Review: Nicolas Jaar makes electronica musical at the Echoplex
There was a lot to like in the young electronica artist Nicolas Jaar's hype-codifying, sold-out set at the Echoplex on Monday night. The languorous pacing, the just-danceable tides of bass and kick drum, the digital hiss that made his samples feel as if they were being sauteed -- all were real pleasures.
But maybe the best part was something more fundamental. It was the way he approached the perennial problems of computer-based dance music: how to make it interesting to watch and how to perform it like a musician.
Each of those problems has its own solution. For artists whose sets are largely confined to "the box" (or laptop), it's easy to slap up a giant LED screen and some powerful lighting rigs. That's the time-tested staple for commanding festival crowds, and artists such as Deadmau5, Rusko and L.A. hero Nosaj Thing have done really interesting work in making their sets mixed-media experiences. And because onstage electronics are often opaque as to which device is making which sound, it's pretty easy for dance bands playing to an in-ear metronome and MIDI clock to add drums, guitars and synths while keeping the backing tracks discrete.

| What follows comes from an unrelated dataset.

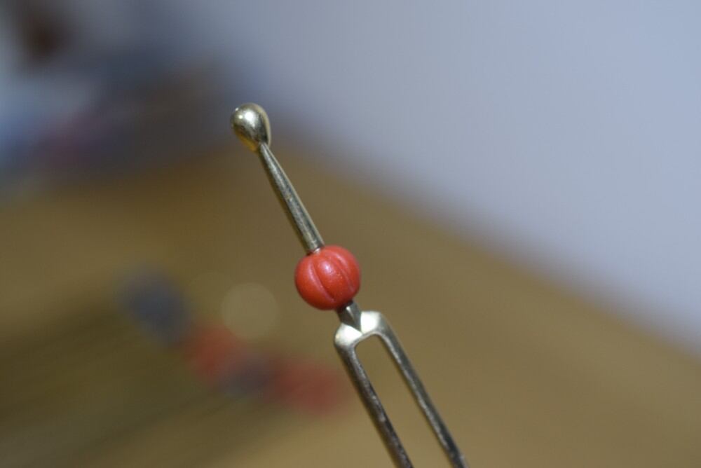 KZ4-25 珊瑚珠色 簪 一点物 小玉 七宝るり玉 とんぼ玉 七宝瑠璃玉 昭和風 二本軸 定番タイプ かんざし
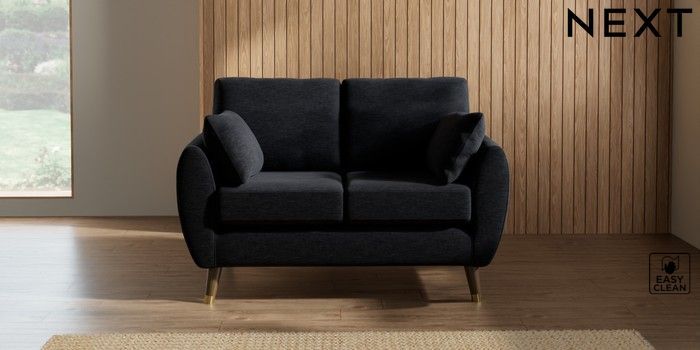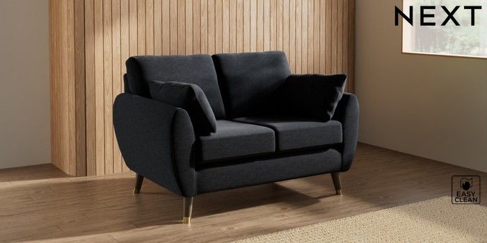 7.3.1 Buy Wilson 2 Seater Small Sofa Fine Chenille Easy Clean Black Low Retro Tapered Metal Cap - Mid from the Laura Ashley online shop

Jaar didn't do either of those things. His three-piece ensemble -- a guitarist, a saxophonist and Jaar himself behind a bank of gadgetry -- looked like a minimalist rock outfit, all shrouded in blue and red light and nodding along to the tracks' ebb and flow. But the long-form instrumental jams and gentle tweaks of tracks from his solo debut, "Space Is Only Noise," and two full-posse mixtapes (or mix-Prisms) from his label Clown & Sunset underlined that this was every bit live. It was the most convincingly musical set of electronica I'd seen since Flying Lotus corralled his own Mothership of great players at the same venue two years ago.

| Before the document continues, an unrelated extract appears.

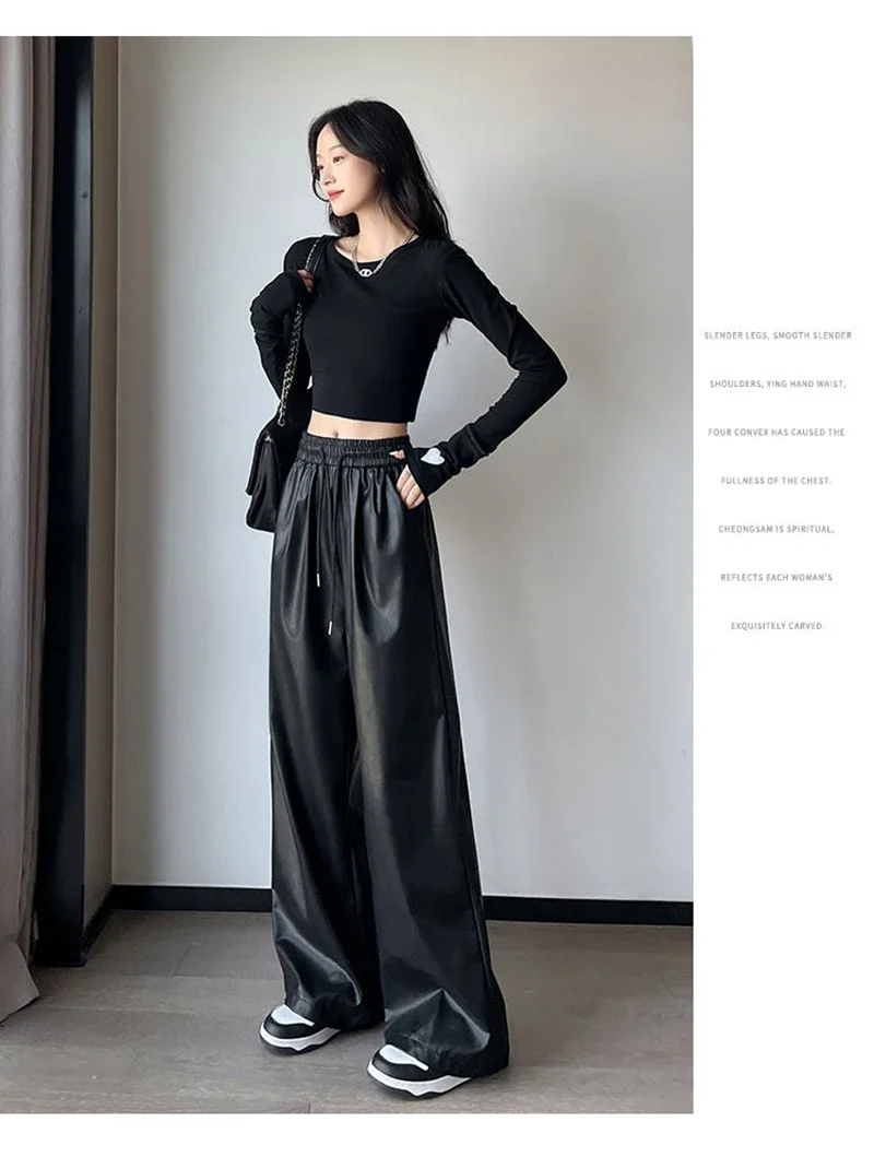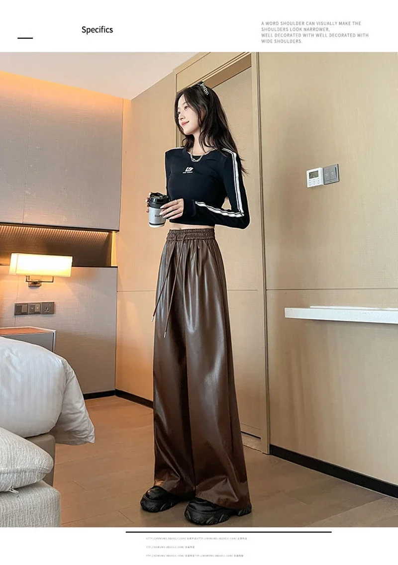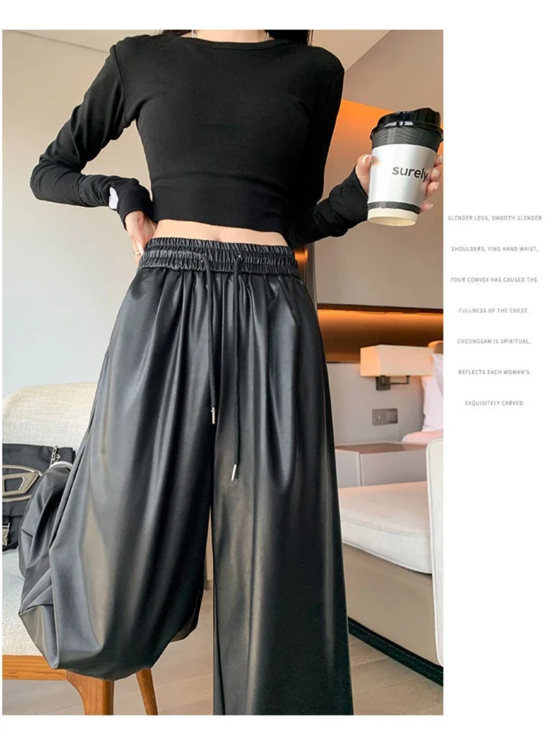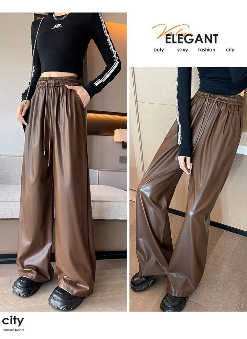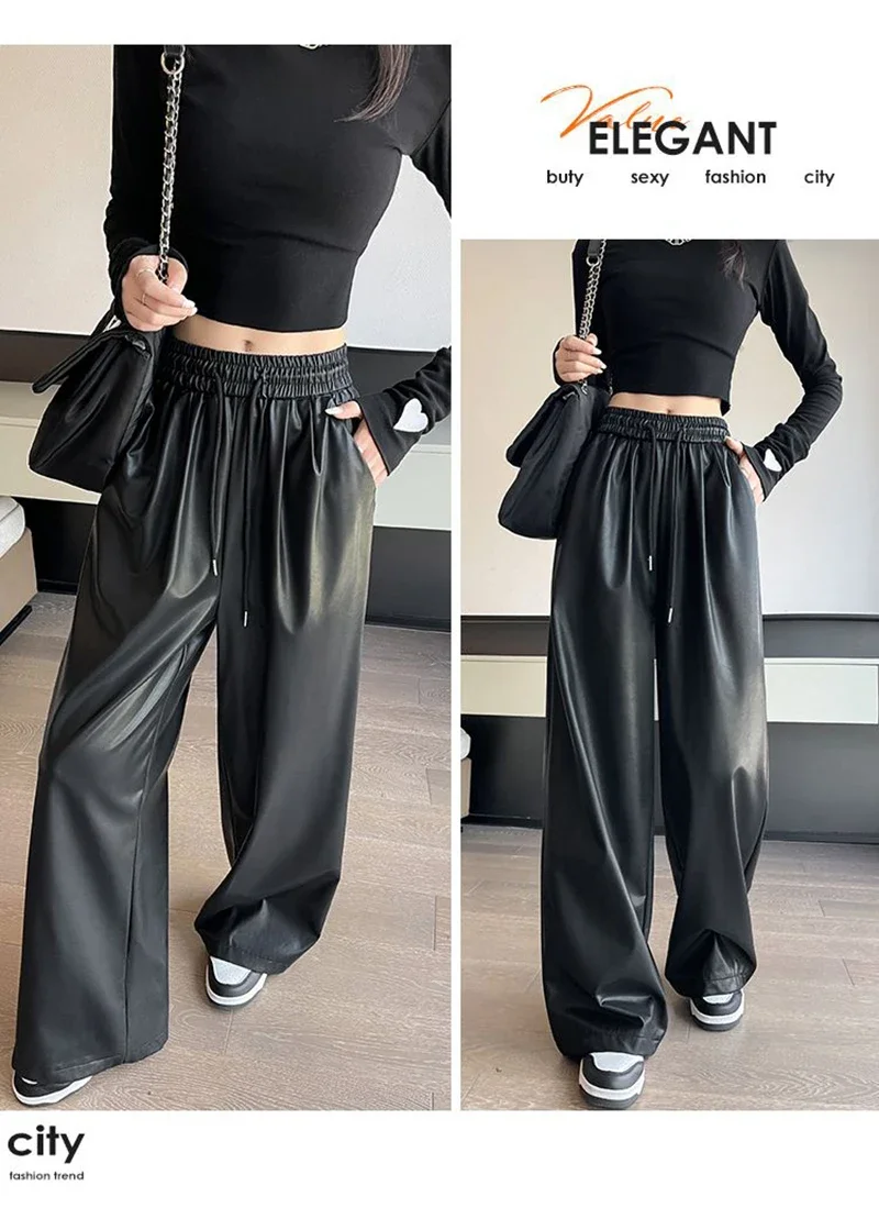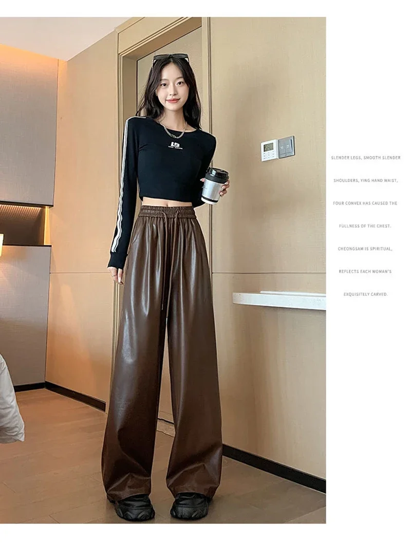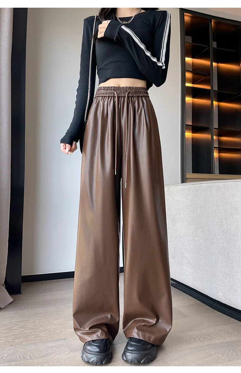 Y2K Vintage Pu Faux Leather Trousers Women Fall Wide Leg Pants Korean Drawstring High Waist Loose Pocket Solid Straight Bottoms

Jaar gets a lot of jazz references in reviews, which aren't really warranted save for the sly Ethiopiques-inspired saxophones that add a lost-to-time sadness to his tracks. But Monday night's set did feel like a jazz-derived melding of wonkish chops and pure physicality. One couldn't see which program Jaar used to control his samples, but it didn't feel as though much of anything had been pre-programmed or played to a click track.
The threesome riffed off each other like a seasoned trio. The guitarist upped stakes with echo-laced funk licks, and the saxophonist cooled the mood with long, wan single notes, while Jaar cued bits of filleted ambiance and percussive patter into coherent songs. It wasn't a laptop set repurposed for a live performance, and it wasn't a sonically limited live band; it was something else, with a ton of genre-shattering promise.
Jaar seems to have an allergy to the obvious bass-drop moments that so dominate today's dance music, and the band played off that hesitation perfectly. When he did get around to a four-on-the-floor, it felt as good and tangible as a first kiss returned.